Top of Supplied material
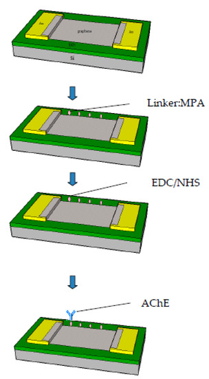 For the first step of functionalization, 25:75 (v:v) water/ethanol solution within 70 mM MPA was dripped onto the sensor sensitive area for about 9 h, in order to establish the Au-MPA SAM. Then the chip was washed thoroughly by the 1:3 ethanolic solution and dried by N2 gas. For the second step of functionalization, EDC/NHS activation was conducted to activate the NHS. This solution was dropped onto the gold gate surface and left for 4 h. For the third step of functionalization, the samples were again thoroughly washed by PBS buffer, after which we immediately dropped 50 µL of 2 mg/mL AChE on the FET’s gate area which had been activated. For the fourth step of functionalization, we kept the samples for drying at room temperature for around 12 h, in order to let the liquid evaporate. When the functionalization steps were finished, the samples were washed by PBS buffer and stored at 4 °C in the laboratory refrigerator. The functionalization was performed on the entire sensor surface, after which the active graphene area would be surrounded by silicone rubber. The functionalization sequence is shown in the Figure 3.
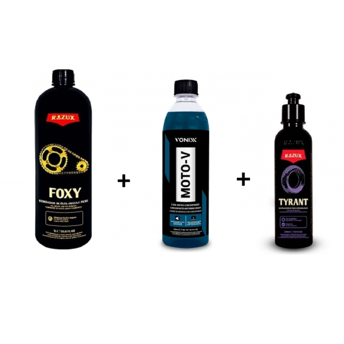 Kit Limpeza Motos Foxy 1l + Moto-v 500ml + Tyrant 240ml Vonixx
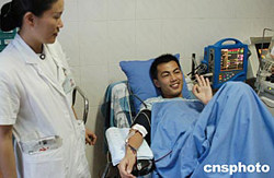 年僅十九歲、現(xiàn)就讀于廈門南洋學(xué)院的在校大學(xué)生張良建(右一),九月九日在福建醫(yī)科大學(xué)附屬協(xié)和醫(yī)院輸血科干細胞采集室內(nèi)接受造血干細胞采集,引起有關(guān)專家的重視。這是迄今為止福建省首例在校大學(xué)捐獻造血干細胞。據(jù)了解,福建省現(xiàn)有十三萬名患者等待造血干細胞移植,每年新增白血病患者約一千二百人。作者:劉可耕
Bottom of Supplied material
Aim of the exercise:
The expected output is the material above, repeated exactly and free of pictures.

Answer area:
 For the first step of functionalization, 25:75 (v:v) water/ethanol solution within 70 mM MPA was dripped onto the sensor sensitive area for about 9 h, in order to establish the Au-MPA SAM. Then the chip was washed thoroughly by the 1:3 ethanolic solution and dried by N2 gas. For the second step of functionalization, EDC/NHS activation was conducted to activate the NHS. This solution was dropped onto the gold gate surface and left for 4 h. For the third step of functionalization, the samples were again thoroughly washed by PBS buffer, after which we immediately dropped 50 µL of 2 mg/mL AChE on the FET’s gate area which had been activated. For the fourth step of functionalization, we kept the samples for drying at room temperature for around 12 h, in order to let the liquid evaporate. When the functionalization steps were finished, the samples were washed by PBS buffer and stored at 4 °C in the laboratory refrigerator. The functionalization was performed on the entire sensor surface, after which the active graphene area would be surrounded by silicone rubber. The functionalization sequence is shown in the Figure 3.
 Kit Limpeza Motos Foxy 1l + Moto-v 500ml + Tyrant 240ml Vonixx
 年僅十九歲、現(xiàn)就讀于廈門南洋學(xué)院的在校大學(xué)生張良建(右一),九月九日在福建醫(yī)科大學(xué)附屬協(xié)和醫(yī)院輸血科干細胞采集室內(nèi)接受造血干細胞采集,引起有關(guān)專家的重視。這是迄今為止福建省首例在校大學(xué)捐獻造血干細胞。據(jù)了解,福建省現(xiàn)有十三萬名患者等待造血干細胞移植,每年新增白血病患者約一千二百人。作者:劉可耕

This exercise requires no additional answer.